Au nom de quoi justifie-t-on aujourd’hui de mettre à la porte des salariés, de ruiner des familles,
des régions entières, dans des boîtes qui fonctionnent bien ? Au nom du sacro-saint droit de
propriété de l’actionnaire. Lorsqu’on en est là, on n’est pas loin de contraindre les gens à dire :
« puisque c’est le sacro-saint droit de propriété qui fait notre malheur, alors haro sur le sacro-saint droit
de propriété ». Attention, cela va très loin. Ce qui signifie que, potentiellement, la manière dont le
capital lui-même pose aujourd’hui les termes de la lutte des classes, conduit les gens d’en face à dire
que l’alternative c’est le capitalisme ou le communisme. Si c’est le droit de propriété qui fait notre
malheur, haro sur le droit de propriété des moyens de production. Abolissons le droit de propriété
privée de ces moyens de production.
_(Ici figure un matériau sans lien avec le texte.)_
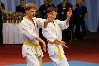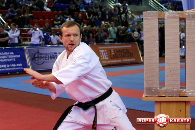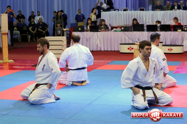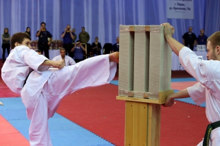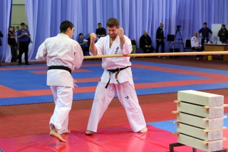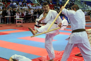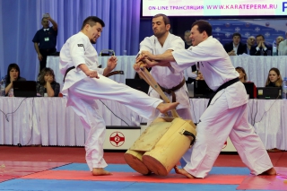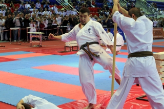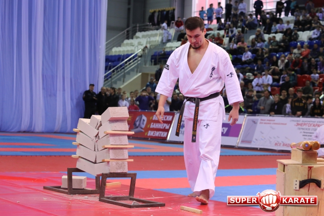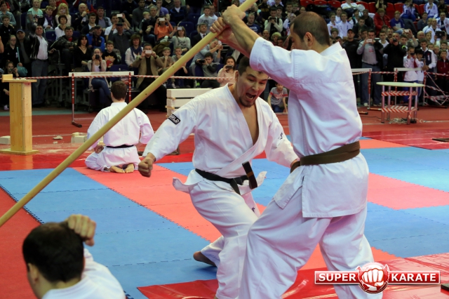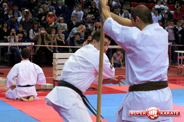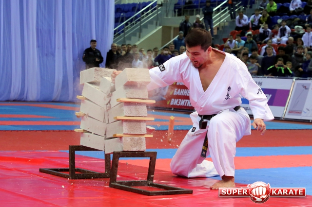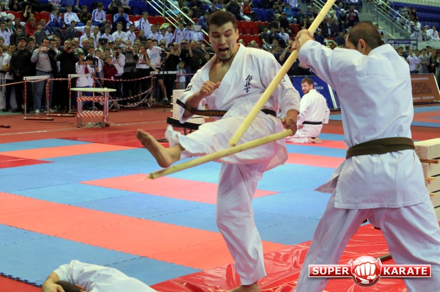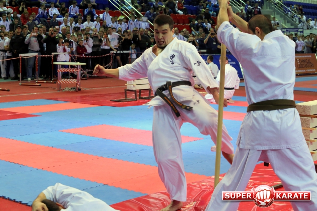Второй день Первенства России украсили показательные выступления победителей в дисциплине ката и тамэшивари в исполнении команды титулованных спортсменов, в которую вошли: Дармен Садвокасов, Денис Кухарев, Евгений Шевнин и Игорь Титков.

Je pense que, dans la manière dont le capitalisme conduit la
crise, il crée potentiellement les conditions de radicalisation des luttes. Je dis potentiellement et je
crains que n’arrivent, pour ramasser la mise, des gens qui diront : « non, non, hou la la, voilà les
archaïques qui la ramènent, ils vont nous refaire 17, en pire encore, et le goulag. Non, non il y a une
tierce position possible. » Voilà pourquoi, si je me trompe sur la première proposition, oubliez tout le
reste. Simplement, cela ne consiste pas seulement à dire que vous ne me ferez pas avaler des
couleuvres réformistes pour être des pieuvres révolutionnaires. Je saurai bien que ce sont des
couleuvres réformistes, mais je m’en foutrai parce que c’est la seule chose à se mettre sous la dent
pour poursuivre la métaphore. Dans ce cas-là, si la seule chose possible est la réforme, vive le
réformisme. Mais si autre chose est possible, alors gare au réformisme. C’est ma position, je ne suis
pas anti-réformiste par principe. Il y a des périodes historiques où la seule possibilité est la réforme.
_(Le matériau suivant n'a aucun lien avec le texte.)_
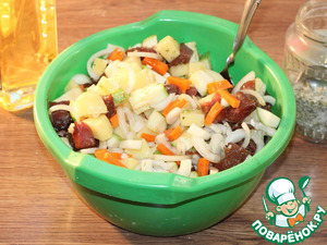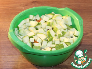 6… и нарезаем. Лук — полукольцами, морковь — брусочками, картофель и кабачок — кубиками, чеснок мелко рубим. Выложите овощи в миску.
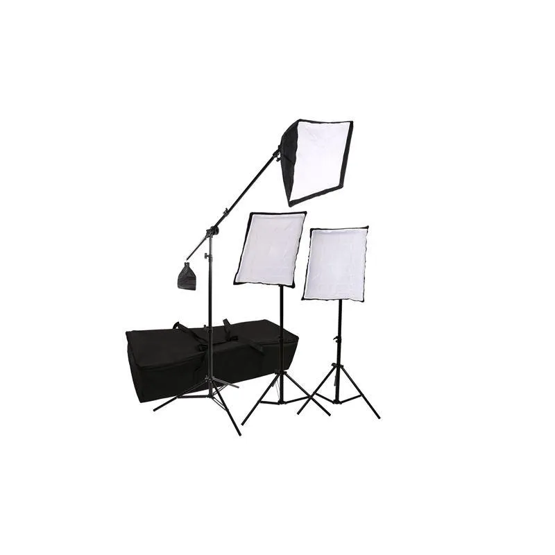 3x Lamp holder with softbox 50x70cm; 1x Light boom; 1x Sandbag; 3x Tripod; 3x Diffuse cloth; 3x Honeycomb; 3x Spiral lamp 135W; 1x Bag
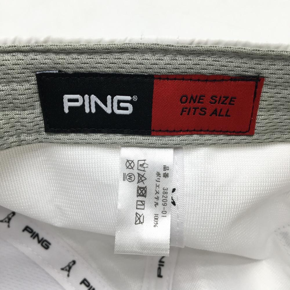 【美品】ピン キャップ 白×黒 立体ロゴ ONE SIZE FITS ALL ゴルフウェア PING
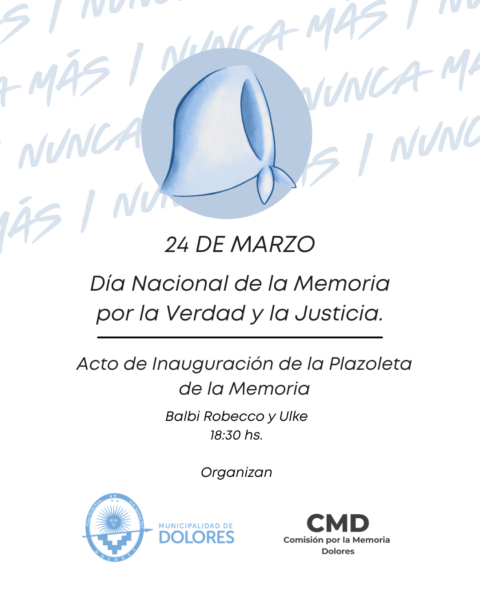 En el marco de una nueva jornada de memoria colectiva, desde la Comisión por la Memoria de Dolores invitamos a la comunidad a participar de las actividades organizadas para reflexionar, recordar y reafirmar nuestro compromiso con la democracia y los derechos humanos.
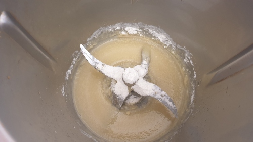 5- Bechamel: Sin lavar el vaso, 1 cda. sopera de aceite y mantequilla, 1 min., Varoma, vel.1. Agregar la harina, 2 min., 100º, vel.2. Leche, sal, nuez moscada y pimienta negra. Unos 4-5 min., 100º, vel.4.

Alors, faisons des réformes, parce qu’elles sont à faire. C’est pourquoi, dans mon propos, sachant
bien que j’allais attraper des coups de bâton pour la troisième partie, je me suis garé dans la dernière
partie en donnant à la critique de l’anti-libéralisme toute sa justification. Il faut la donner, c’est une
œuvre de salubrité publique. C’est pour cela que j’ai adhéré à ATTAC, ce qui ne m’empêche pas de
dire, depuis quelque temps, s’il y a autre chose de possible.